A herniated disc often occurs between the ages of 20 to 50 years. Usually this happens due to an unexpected or unfortunate twisting movement. Often with weight that is carried. It can also occur in combination with built-up tension in the back due to, among other things, prolonged or heavy strain on the back.

What happens next is that the intervertebral disc collapses or bulges out. A herniated disc can be completely painless. If the intervertebral disc protrudes to such an extent that it then touches a nerve, pain will occur. Usually this is pain in the back itself and radiation in one or both legs. If you experience this in both legs and it is more difficult to go to the toilet, definitely visit your doctor, this can indicate a serious problem!

An osteopath can perform a number of neurological tests to determine whether it could be a hernia. However, to fully establish the diagnosis, an MRI must be made by a neurologist.

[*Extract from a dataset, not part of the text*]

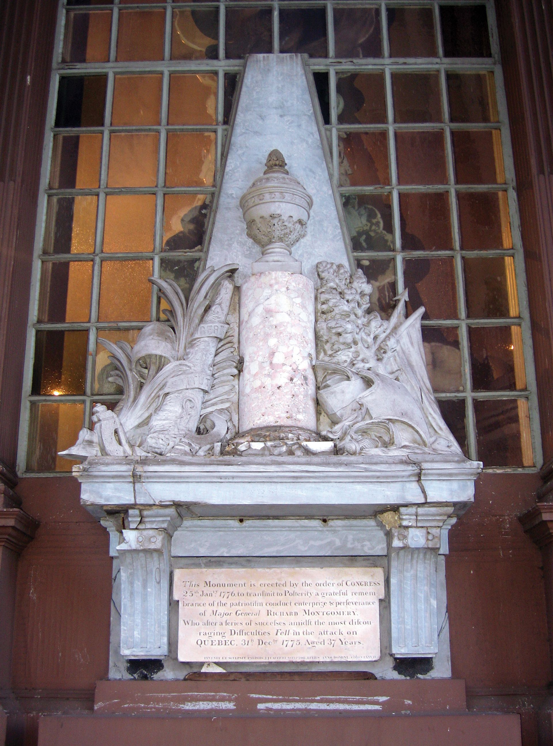 Commissioned during the American Revolution, the Montgomery Memorial established a tradition in the US for the commemoration of heroes. The Continental Congress—the representatives from the 13 colonies that became the US government—gave £300 to Benjamin Franklin, the new ambassador to France, to commission a work in honour of General Richard Montgomery. And while the sculpture starts an American tradition, it is by a European artist, Jean-Jacques Caffieri, because there were no artists here—that is how young a country we were.

In the case of a herniated disc, the osteopath looks above or below the impacted disc to see where the most tension is present. Here the osteopath tries to improve the function and structure, so that as a result there is less pressure on the disc. If there is still inflammation in the back, the osteopath will also see if it can be reduced without irritating the disc too much. They also look at any other additional issues that could affect it. In most cases, a disc improves within 12 weeks, but osteopathic treatment can speed up the process.

SI joint

The sacroiliac (SI) joint connects the lower back to the pelvis on both the left and right sides of the back. It is only a small joint with little movement, but if it malfunctions it can cause a lot of problems. This often manifests itself in pain in the lower back, groin and/or buttock with an occasional radiation that reaches up to the knee.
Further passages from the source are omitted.